= Ponca Fort =

Archaeological site in Missouri, USA

Nanza is the Ponca name for what is now called Ponca Fort. It was a fortified village built by the Ponca in the vicinity of present-day Niobrara, Nebraska, United States, in circa 1700 and occupied until about 1865.
==Site location and information==
The site of Nanza is located at the fork where Ponca Creek meets the Niobrara River, west of the Niobrara River's entry into the Missouri River. It is located in what is now Knox County, Nebraska, near the town of Verdel.

Nanza was a principal settlement for the Ponca and was built to protect the Ponca against the Arikaras, Cheyennes or Apaches. It contained earth lodges and was surrounded by several cemeteries, probably created during disease outbreaks after European contact. Today Ponca Fort lies on private property. The site is renowned among archaeologists for its resemblance to Middle Mississippian fortified towns found in Ohio which date from 800 through 1550.

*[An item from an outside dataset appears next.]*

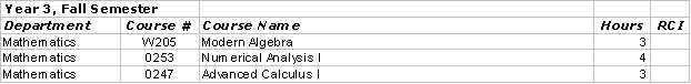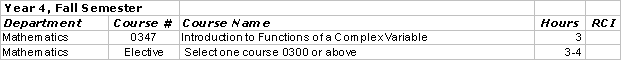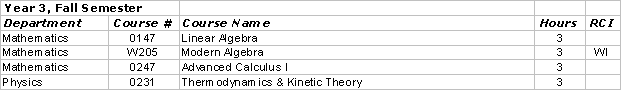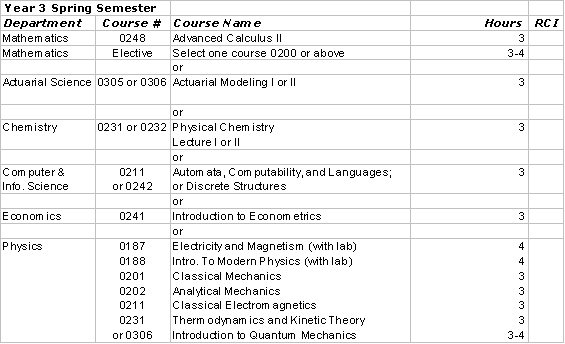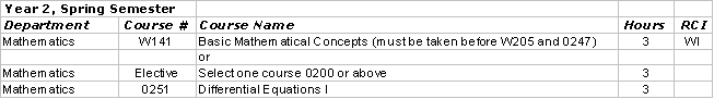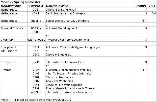 Mathematics, B.S. RequirementsIn addition to the basic courses, calculus-based physics I, II; two of the following courses from Computer and Information Sciences: CIS C061, 0067, 0068, C071; and Mathematics W205, 0233, 0253; and two science/mathematics electives taken from the following list: Actuarial Science 0305, 0306; Chemistry 0231, 0232; CIS 0211, 0242; Economics 0241; Physics 0187, 0188, 0201, 0202, 0211, 0231, 0306; or any mathematics course numbered 0200 or above (Mathematics W141 can count as one of the electives, provided it is taken prior to Math W205 and Mathematics 0247); and one additional mathematics elective course numbered 0300 or above.

Nanza comprises numerous earth lodge sites encircled by a protective wall about six feet high. Today the fortification is still visible. Archeological excavations have determined there was originally a ditch three feet deep and ten feet wide surrounding the berm. An earth embankment supporting a post palisade was discovered inside the ditch. Guns, hatchets, knives, beads, kettles, cloth and other European goods have been recovered from Ponca Fort, and serve as a testimony to the village's important position in the local fur trade. There is also evidence of extensive trade with other tribes. Pottery, stone mauls, mealing slabs and maulers, bone knives, hoes, tubes, shaft wrenches and picks, and strip bark in rolls from as far away as the Southeastern United States.

On April 3, 1973, the Ponca Fort was added to the National Register of Historic Places.